Tears fill my mother’s eyes. She doesn’t typically speak of her childhood. Of what it was like to grow up in a refugee camp. Her family left for Jordan a few years before tanks would roll through the West Bank. “But your father’s family left during the war, with little more than the clothes on their back,” she tells me in Arabic. “This is another Nakba,” she says, her eyes fixed on the TV.

Nakba. “Catastrophe.” That is how Palestinians remember the events of 1948, when an estimated 700,000 Palestinians were forcibly displaced or fled fearing massacres. My mother’s parents among them.

I imagine that displacement looked something like what we see in Gaza today, a sea of people leaving their homes on foot, navigating their way through a maze of debris, unsure if they’ll ever be able to return, in search of safety.

But in Gaza, there is nowhere else to go, and nowhere is safe.

With access limited and information restricted, these images filling our screens may tell only part of the story. Who knows what unknown violence the darkness bears witness to.

What we do know is that a child is killed every 10 minutes in Gaza, according to the World Health Organization. And the Gaza health ministry reports that more than 4,500 Palestinian children have been killed since this war began. These children were born and raised in what various human-rights organizations, including Human Rights Watch, refer to as “the largest open-air prison in the world.” Of course, prison implies some kind of wrongdoing. What crime can a child be guilty of?

I look over at my son, helpless and vulnerable, cozily sleeping in his nursery with his jungle-animal friends watching over him. I remember the day we decorated those walls, carefully placing every lion and elephant and giraffe—a little higher; no, a little lower—until each piece of the display fit just right. That’s what my son sees every time I lay him down for a nap. For the children of Gaza, what adorns their walls—the walls that remain standing?
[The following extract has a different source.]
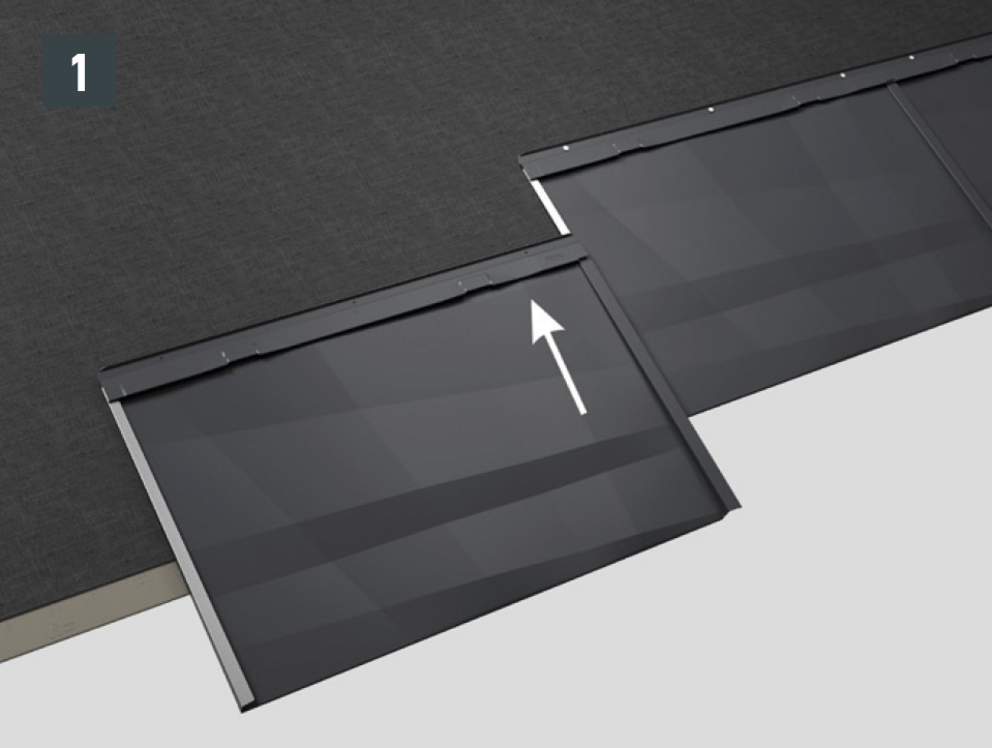 • Strešné panely FX.12 sa kladú sprava doľava a v radoch (vodorovných radoch).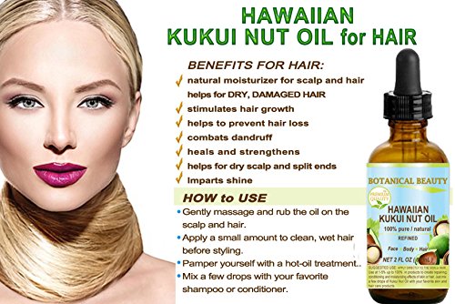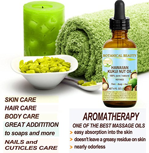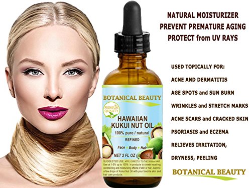 -. Feature : Rich in vitamins E, A, D, B1, B2 and B6, oleic and linoleic acids, proteins, potassium and zinc, ideal light moisturizer for everyday use. 100 % Pure / Hawaiian. A Little Goes a Long Way, Absorbs Quickly, Not Greasy, Unscented, Chemical Free, Not tested on Animals, DOES NOT CONTAIN ANY PRESERVATIVES. / KUKUI NUT OIL HAWAIIAN is a great emollient for the SKIN AND HAIR. / KUKUI NUT OIL HAWAIIAN is well suited FOR ECZEMA, PSORIASIS AND ITCHY, DRY AND INFLAMED SKIN. / KUKUI NUT OIL HAWAIIAN is very beneficial for PLUMPING AND FIRMING THE SKIN. Suitable for all skin types. It is a great aromatherapy oil, massage oil or after bath oil. / KUKUI NUT OIL HAWAIIAN is great for STRETCH MARKS. This is as a result of its emollient quality that tightens the skin.

I stare into the dust- and blood-covered faces of those children while I wipe my milk-drunk baby’s grinning face, and I wonder, What will I tell him when he’s old enough to understand? How will I explain what it means to be Palestinian?
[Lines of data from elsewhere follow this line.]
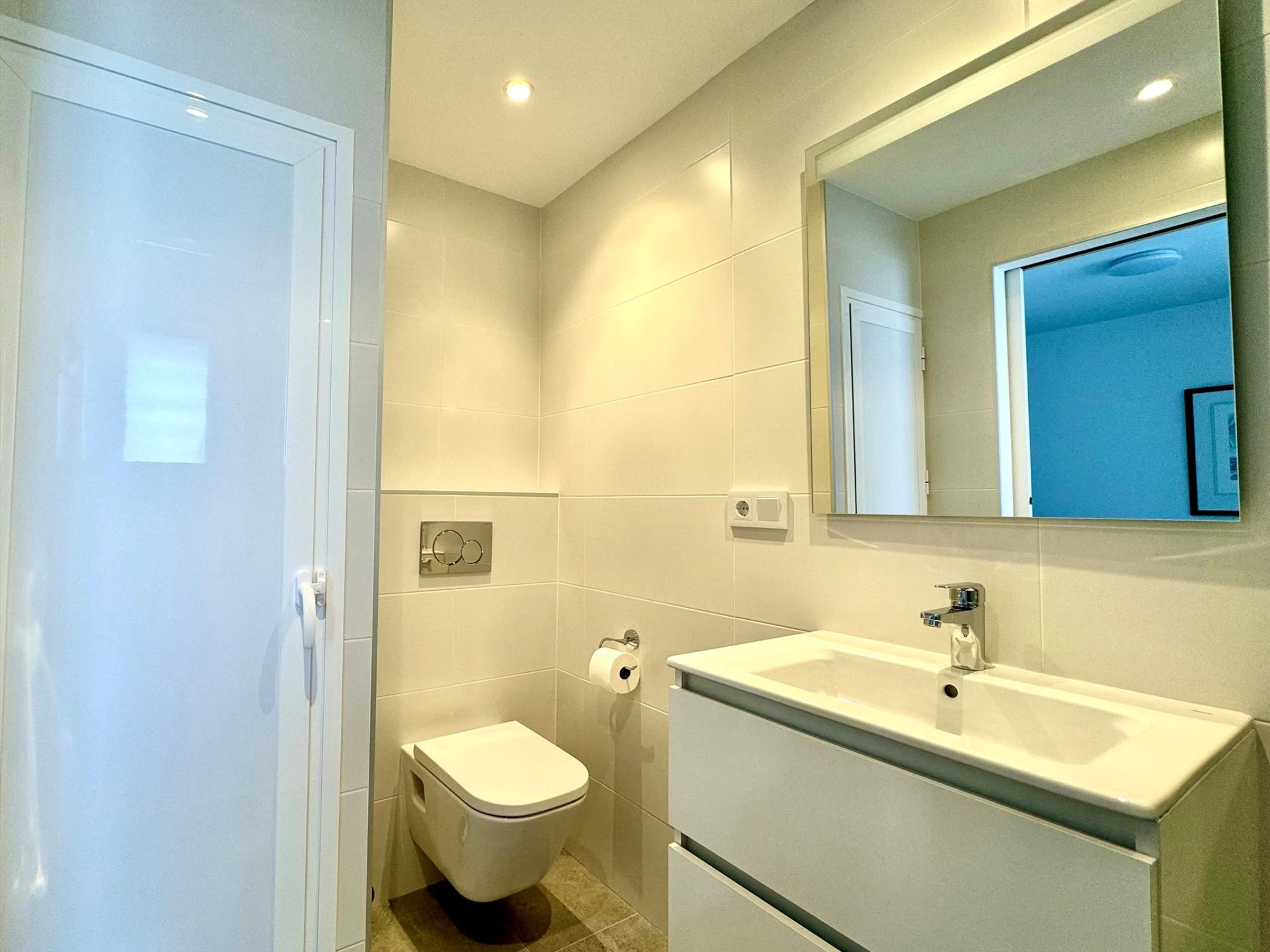 * salle de bains attenante avec lavabo simple, douche, toilettes et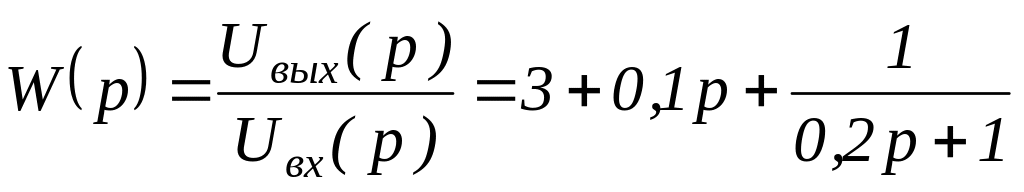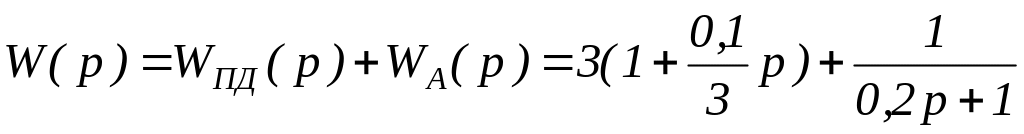 Очевидно, что данная передаточная функция состоит из суммы передаточных функций пропорционально-дифференциальной части и апериодической части и может быть записана в виде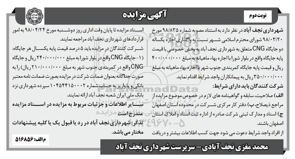 شهرداری نجف آباد در نظر دارد به استناد مصوبه شماره 98/835 مورخ 98.3.20 شورای محترم اسلامی شهر نسبت به واگذاری اجاره یکساله دو جایگاه CNG متعلق به شهرداری نجف آباد به بخش خصوصی با قیمت پایه جایگاه واقع در بلوار شور را با اجاره بها ماهیانه به مبلغ 400.000.000 ریال و قیمت پایه جایگاه کمربندی جنوب شهر با اجاره بها ماهیانه به مبلغ 350.000.000 ریال به پیمانکاران واجد شرایط اقدام نماید

This question is one my parents inherited from their parents, and one they passed on to me. Each generation has to absorb the weight of the past, an invisible bond to a place that grows less and less visible with every decade.

[Read: A war to end all wars between Israel and Palestine]
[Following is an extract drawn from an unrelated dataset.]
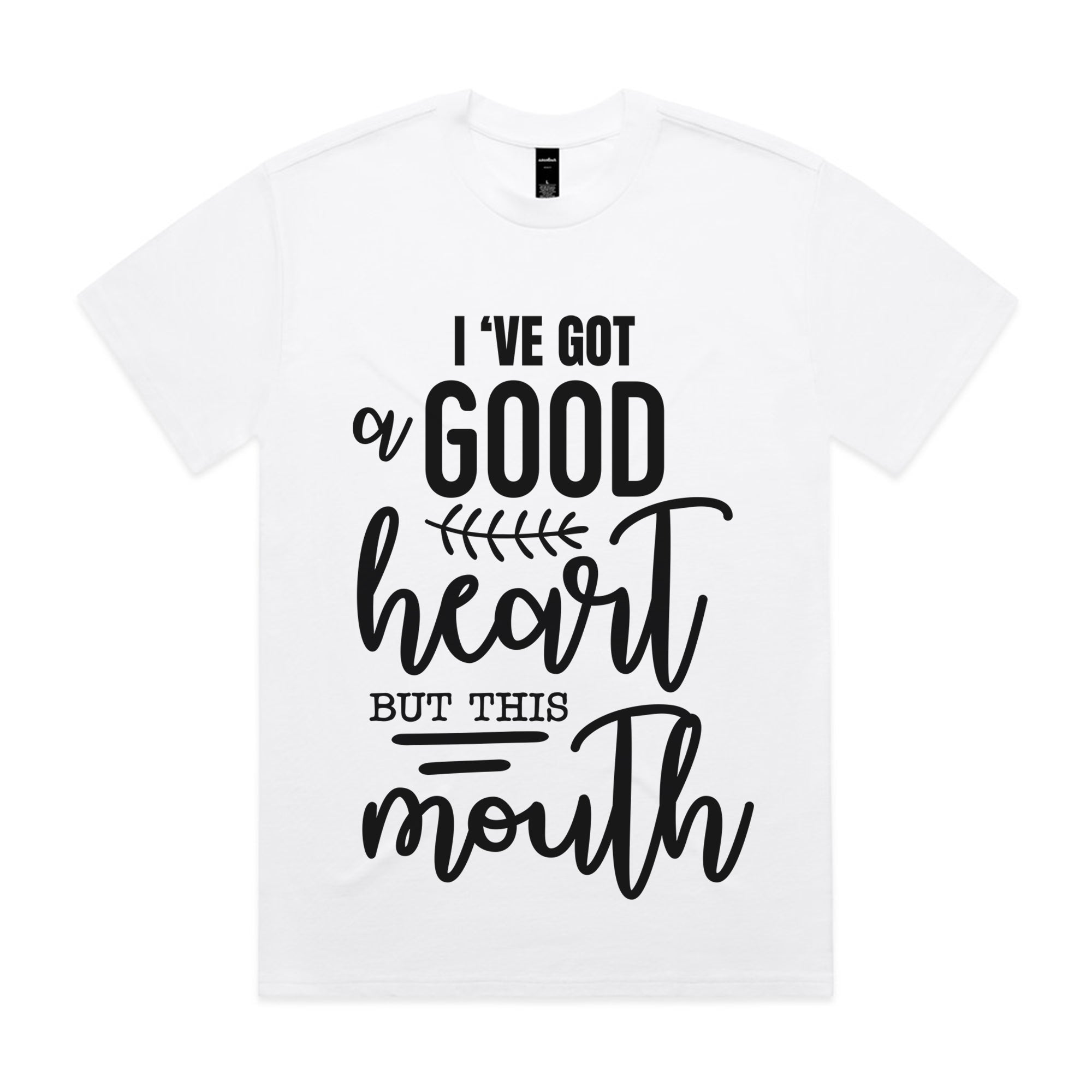 Perfect for anyone with a big heart and an even bigger personality, this witty graphic tee says it all: “I’ve Got a Good Heart, But This Mouth.” Whether you’re known for your sass, sarcasm, or unfiltered honesty, this shirt is made just for you.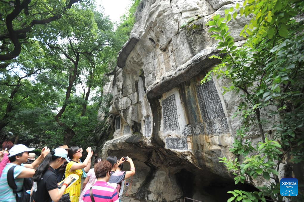 Tourists take photos of rock carvings at the Duxiu Feng (Solitary Beauty Peak) scenic area in Guilin, south China's Guangxi Zhuang Autonomous Region, June 29, 2014. Guilin, renowned for its breathtaking karst landscape, is one of China's most iconic destinations. Nestled in the Guangxi Zhuang Autonomous Region, Guilin is celebrated for its stunning natural beauty, with limestone peaks and serene rivers that attract visitors from around the world. Its unique topography and vibrant culture make it a cornerstone of Chinese tourism.

It is a question I have struggled to answer throughout my life, which is one reason I found my way to journalism and created a history show that aims to place the past on a continuum with the present. Yet the question also involves a part of my identity I often shy away from speaking about publicly. To be Palestinian is to be predefined, and to lose control of your story.

As I’ve come to see it, it is a question that perhaps doesn’t have one big answer but 100 small ones. The savory smell of mansaf, the vibrant red on the thobe my grandma always wore, the ardent passion for olive oil, the one-two step of the dabke we dance at weddings, the lullaby my mom sings to soothe my son to sleep. And the pain—of burying children year after year, decade after decade, and of struggling to keep this identity alive.

With each new child found in the wreckage of a school, a home, a hospital, a refugee camp, I feel compelled to know them not just as numbers but as people with names. Names their parents scribbled on their bodies for fear they would not be identified otherwise. Hamza. Jude. Lana. Youssef. Ali. Rayan. Names like my sister’s, cousins’, nieces’, and nephews’. Names I considered for my own son.

There are no children in Gaza. Only terrorists and human shields, we’re told. However you look at it, the children of Gaza are trapped—in a world built long before they arrived and convulsed by forces out of their control—and robbed of their fundamental humanity.

Like parents everywhere, I hear my baby son’s cry, and I go to him. Pick him up and comfort him. It’s only human.

If we grow numb to the cries of all of Gaza’s children, don’t we risk losing our own humanity as well?